Washington (AFP)

In the 1950s, bird lovers in Canada easily recognized the song of the white-throated sparrow, a kind of Canadian sparrow, thanks to the three final notes of its song, repeated several times.

Canadians even invented lyrics to accompany them: "Oh my sweet, Ca-na-da, Ca-na-da, Ca-na-da".

But at the end of the last century, biologists noticed that local birds were starting to innovate in western Canada: instead of the end in triplet, their song ended in a series of two notes, a little syncopated, like if the end had become: "Ca-na, Ca-na, Ca-na ...".

Over the next two decades, this new cadence became a tube from west to east, crossing Alberta, Ontario and winning Quebec last year, until becoming dominant on more than 3,000 km of territory, an extremely rare example of the express replacement of one historical dialect by another among birds.

In a study published Thursday in the journal Current Biology, biologist Ken Otter, professor at the University of Northern British Columbia, and his colleague and friend Scott Ramsay, of Wilfrid Laurier University, describe the dizzying speed with which the two-note version converted entire populations of buntings.

"It would be as if a Quebecer landed in Paris, and all the people found the accent cool and started to speak with a Quebec accent, and in ten years, everyone in Paris spoke with a Quebec accent", explains to AFP Ken Otter.

Their work is based on 1,785 recordings from 2000 to 2019, the majority of which were produced by them, but also by citizen scientists and posted on dedicated sites, such as xeno-canto.org. In Alberta, in western Canada, half of the recordings ended in triplet in 2004; ten years later, all the males had adopted the duolet.

By 2015, the entire western half of Canada had gone two notes.
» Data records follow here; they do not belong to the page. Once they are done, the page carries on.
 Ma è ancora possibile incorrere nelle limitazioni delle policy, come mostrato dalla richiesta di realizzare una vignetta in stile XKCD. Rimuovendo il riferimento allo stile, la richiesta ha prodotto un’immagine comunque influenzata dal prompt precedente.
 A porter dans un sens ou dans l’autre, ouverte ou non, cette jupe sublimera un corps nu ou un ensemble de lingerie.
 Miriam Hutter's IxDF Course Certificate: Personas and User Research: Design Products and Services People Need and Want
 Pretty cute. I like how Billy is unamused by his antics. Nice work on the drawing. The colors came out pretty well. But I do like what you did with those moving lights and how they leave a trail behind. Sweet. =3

Last year, it was already well established in western Quebec.

At this rate, the historic three-note of the white-throated sparrow may soon only exist on biologists' tapes.

- A winter look -

The males sing to mark their territory, and their songs share the same structure. Usually, if a novelty in the melody appears, it remains regional and does not conquer neighboring territories.

"This is one of the first studies to show such an effect on such a massive geographic scale," says Ken Otter.
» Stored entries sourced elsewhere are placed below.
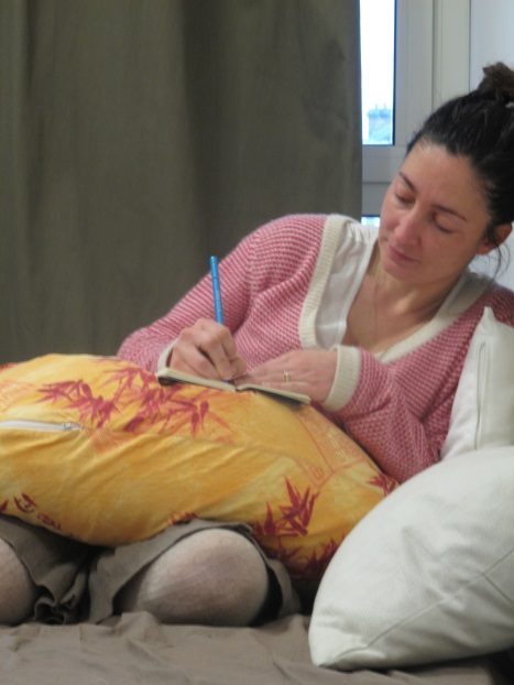 Il y a déjà eu 3 ateliers d’expression par l’écriture (sur les 5 prévus) pour que les jeunes et aussi futurs parents (ayant été suivis au Calm ou en cours de suivi) puissent faire le récit de leur (future) mise au monde, se souvenir en mots et en sensations. Un atelier d’écriture est une bulle, c’est un lieu où on réinvente sa propre histoire.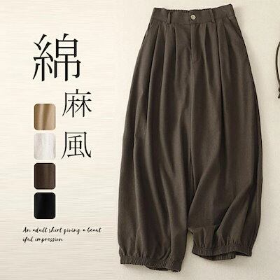 バルーンパンツ 綿麻パンツ レディース 夏 パンツ ワイドパンツ 大きいサイズ 通気性 リネン風パンツ ワイド ガウチョ ロングパン ハイウエスト 半ゴム式 9分丈 ハロンパンツ ガウチョ カジュアル
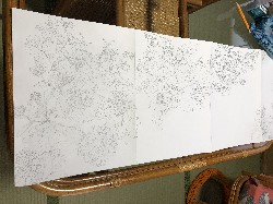 思い切って、群青と貝灰…を混ぜて、色を重ねました。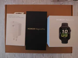 Teléfono Honor Magic 6 Pro en color negro, junto con un cargador Honor SuperCharge de 100W y un reloj Honor Watch 5. - Cargador Honor SuperCharge GaN (Max 100W). - Honor Watch 5. Regalo fundas y protectores dé pantalla para ambos dispositivos.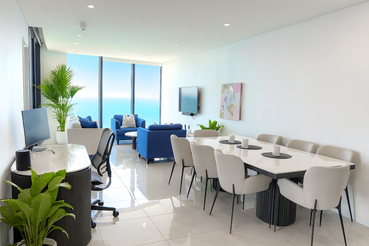 🌊 Escapada de lujo frente al mar — Meriton Suites Surfers Paradise Te damos la bienvenida a tu lujosa residencia dentro del prestigioso Meriton Suites Surfers Paradise, un hotel de 5 estrellas frente a la playa en la mundialmente famosa Gold Coast. Ubicado con elegancia en la planta 39, nuestro exquisito apartamento ofrece impresionantes vistas panorámicas del océano Pacífico y del vibrante horizonte de la ciudad Mantente conectado sin problemas con el wifi ultrarrápido de 500 Mbps, ideal para trabajar, ver vídeos en streaming o simplemente estar en contacto mientras te relajas con estilo.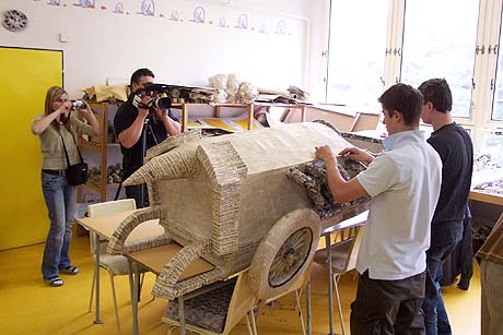 Dokončování papírových plastik a jejich převoz na zámek

How did the new cadence go viral?

Probably like when children come back from colonies humming new songs: buntings from different regions of Canada mix in winter in the same regions of the southern United States - researchers have verified this by tagging a few birds-- then return each on their own in the spring.

It was in the plains of Texas or Kansas that the first males from the east learned the new song from their congeners from the west, and year after year, the trend mysteriously took hold. Previous work has shown that young birds can adopt a foreign song after hearing a recording.

But to understand why the males willingly abandoned their historic song, researchers must rely on hypotheses.

Ken Otter thinks it is possible that the females were attracted to the novelty, and that the technique did emulate in the young males.

"When you hear something new, it attracts your attention," says the biologist, who spins the previous comparison: it is, he says, as if French women had started to be seduced by men at home. Quebec accent. The theory remains to be verified.